Save money with an SCO concert subscription and get a free concert, £5 CD voucher and many other benefits.
Gustav Mahler (1860-1911) [arr. Cortese]
Das Lied von der Erde (1909)
I: Das Trinklied vom Jammer der Erde
II: Der Einsame im Herbst
III: Von der Jugend
IV: Von der Schönheit
V: Der Trunkene im Frühling
VI: Der Abschied
Nowhere is the oscillation between the public and private spheres captured more meaningfully than within the music of Gustav Mahler, whose whole output treads a fine balance between the quiet, private moment and the magnitude of the world around us. Mahler believed in taking inspiration from the sounds that surrounded him in daily life – birdsong, the sound of cow bells, folk song and hunting calls – and incorporating these elements of the everyday into his works. A symphony, he believed, ‘must be like the world. It must embrace everything’. But unlike most of his contemporaries, Mahler composed very little across different genres: with the exception of a few early works, he confined himself entirely to the song and the symphony. While they may appear to be polar opposites, these two genres co-exist in Mahler’s works in a way never before witnessed in the music of any other composer – the symphonies embrace the intimacy of song, while the songs grasp at the magnitude of the symphony.

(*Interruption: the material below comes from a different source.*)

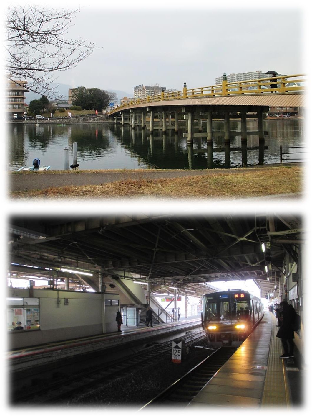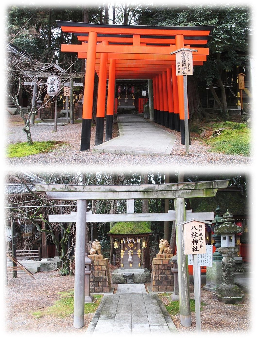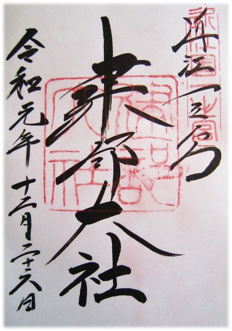 青春18切符を利用し一泊二日で令和元年最後の一之宮巡りへ。 名古屋を8時過ぎの電車に乗り、かみさんが数週間練りに練った滋賀、大阪方面に向かう。 最初の目的地は滋賀県大津市。 JR琵琶湖線「大石」駅から徒歩で25分程東に鎮座する近江国一之宮・建部大社へは11時頃到着。 琵琶湖に注ぐ瀬田川に架かる瀬田唐橋を渡り旧東海道沿いに神社を目指す。 天気は・・・・・よろしくない。 ![]() 瀬田唐橋から県道2号線沿いに建部大社まで10分程、左手に社号標と石鳥居が現れます。 ![]() 参道沿いには灯篭と松並木が真っすぐに続き、その先に社殿は見えません。 迎春準備に大忙し、業者さんの車が目立ちます。 ![]() 松並木の続く 参道は左に折れ、正面にニノ鳥居とその先に神門が見えてきます。 ![]() 鳥居前の由緒書き 「近江一之宮 御祭神 本殿 日本武尊、相殿 天明玉命、権殿 大己貴命 由緒 当社は近江國の一之宮と称えられ、景行天皇四十六年(316)四月神崎群建部御千草嶽に、日本武尊の御神灵と建部大神としてお祀りしたのが創りである。 天武天皇白鳳四年(675)四月に近江国府のあった瀬田の地にお迁し、此の国の守護神として仰ぎ奉られる様になった。 天平勝宝七年(755)には孝徳天皇の詔により大和一の宮大神神社から大己貴命を勧請し権殿に奉斎せられ現在に至っている。 例大祭 四月十五日、船幸祭 八月十七日」 大神神社は奈良県桜井市に鎮座する神社、近くまでは行くけれどなかなか参拝できていない。 かみさんの一之宮巡りの来年の計画には入ってくるだろう。 ![]() 檜皮葺の神門に架けられた門幕、そこに描かれた神紋。 自分には見慣れない神紋です。 門の先の拝殿、その右に3本の杉が見えます、三本杉と云われる御神木。 大己貴命が権殿に祀られた際に一夜にして成長したと伝わるこの杉が神紋になっています。 ![]() 檜皮葺の入母屋妻入り拝殿、趣があっていいものです。 拝殿前の両脇、石を積んだ台座の上から狛犬が拝殿を守護しています。 境内伽藍は本殿の左右に八座が、右に大野神社や稲荷神社が祀られています。 ![]() 拝殿右の絵馬殿。 右側の灯篭は文永七年(1270)庚午と刻まれたもので、滋賀県内では最古と云われる石灯籠で重要文化財に指定されているもの。 ![]() 拝殿の左右に八つの社があり、写真上の上座4社は左から、蔵人頭神社/七掬脛命(料理の神)、行事神社/日本武尊の家臣で吉備臣武彦と大伴連武日、大政所神社/播摩稲日太郎姫命(日本武尊の母)、聖宮神社/景行天皇(日本武尊の父)が祀られています。 写真下の右の下座4社は手前から箭取神社/石占横立・田子之稲置・乳近之稲置、弓取神社/弟彦公、若宮神社/建部稲依別命(日本武尊の子)、藤宮神社/布多遅比売命(日本武尊の妃)が整然と並んでいます。 ![]() 社殿全景。 本殿・相殿は流造で左が本殿で日本武尊、右が相殿で大己貴命をお祀りしています。 透塀で囲われた本殿域には後方へ続く参道があります、そちらから本殿外周を一回りできます。 ![]() 本殿後方の神域にはさざれ石と菊花石が安置され、さざれ石(写真上)の前に立つとセンサーが働き君が代が流れてきます。 菊化石(写真下) 太古の菊の化石‣・・・・ではなくて、玄武岩の母岩に堆積岩が菊の花のように生成されたものです。 まさに菊の化石のような紋様をしています、自然は不思議なものを作るものです。 ![]() 境内右側の小さな池の前に建つ大野神社の鳥居。 古びた小さな狛犬が社を守っています。 草野姫命を祀り、縁結びの神として親しまれているそうです。 左の赤い鳥居は武富稲荷神社。 ![]() 武富稲荷神社全景。 五穀豊穣、家内安全、商売繁盛の神、稲倉魂命を祀る。 ここの狛狐は右耳が欠け痛々しい。 稲荷の左の鳥居は八柱神社。 苔むした流造の小さな社に藤時平、融大臣、事代主命、市杵嶋姫命、素盞男命、豊玉彦命、櫛名多姫命の七柱が祀られています。 ここを守護する狛犬も個性的です。 ![]() 桧山神社遥拝所(桧山神社旧本殿)。 大野神社右手の子山の上に鎮座する。 境内御旅山に鎮座し伊邪那美命、大山祇命、息長足姫命、武内宿祢大臣、住吉大神を祀り、元熊野神社山神社、鞭指神社の祭神を合祀し桧山神社と改称されたもの。 1995年(平成7)の本殿改築に伴い、江戸時代に建立された本殿を解体修理し、この地に移築し遥拝所としたもの。 ![]() 写真上 神宮遥拝所。 かつての御神木、彌栄の松の根が置かれています。 写真下 宝物殿。 神宮遥拝所の左にあり、ここには日本武尊の妃と云われる寄木造の女神座像などが保管されています。 宝物殿を守護するのは白い狛ライオン。 ![]() 建部大社を訪れると出逢う頼もしい面々。 かわいい者もいれば、痛々しい者、凛々しい者など色々とお目にかかることができます。 ![]() 近江國一之宮建部大社 創建 / 316年(景行天皇四十六) 主祭神 / 日本武尊、大己貴命 住所 / 滋賀県大津市神領1-16-1 アクセス / JR琵琶湖線「大石」駅から徒歩で25分 ![]() さて初日2社目に向かうため再び瀬田唐橋を渡りJR石山駅に戻ります、

While Mahler’s orchestral songs expand the genre to new proportions, at their heart they may also be heard as responses to Schubert’s own Lieder. It was through Schubert’s Lieder that Mahler learned to combine the intimacy of the miniature with the splendour of the larger cycle, but it was through Beethoven’s Ninth Symphony that Mahler received the ‘permission’ to introduce the voice to the symphony. Mahler had already included movements for voice in his second, third, fourth and eighth symphonies, but the first fully-integrated partnering of song and the symphony came with his orchestral song cycle, Das Lied von der Erde (‘The Song of the Earth’), later termed a ‘song-symphony’. Although the work calls for a large orchestra, Mahler uses the instrumentation in a chamber-like way, at times paring down the scoring to pairs of woodwinds and only deploying the full force of the orchestra sparingly at key moments. It is this sense of restraint that preserves the intimacy of song within the grandeur of the symphony, creating a truly unique new genre.
As the title suggests, like much of Mahler’s music this work is inspired by the natural world, with each of its six movements tracing a different aspect of life and our small part in it. Composed following one of the most difficult years in Mahler’s life, Das Lied von der Erde is at times deeply melancholic, probing questions of death and our place in the circle of life, with every mood from drunken hedonism (as in the fifth movement scherzo) to meditative serenity (in the thirty-minute ‘farewell’) finding its place. Based on excerpts from Hans Bethge’s volume of ancient Chinese poetry rendered into German, Die Chinesische Flöte (‘The Chinese Flute’), it was for Mahler ‘probably the most personal composition I have created thus far’. However, the work was not performed until after Mahler’s death in 1911, partly due to Mahler’s own reluctance to bring the work before the public. ‘Won't people go home and shoot themselves?’, he asked.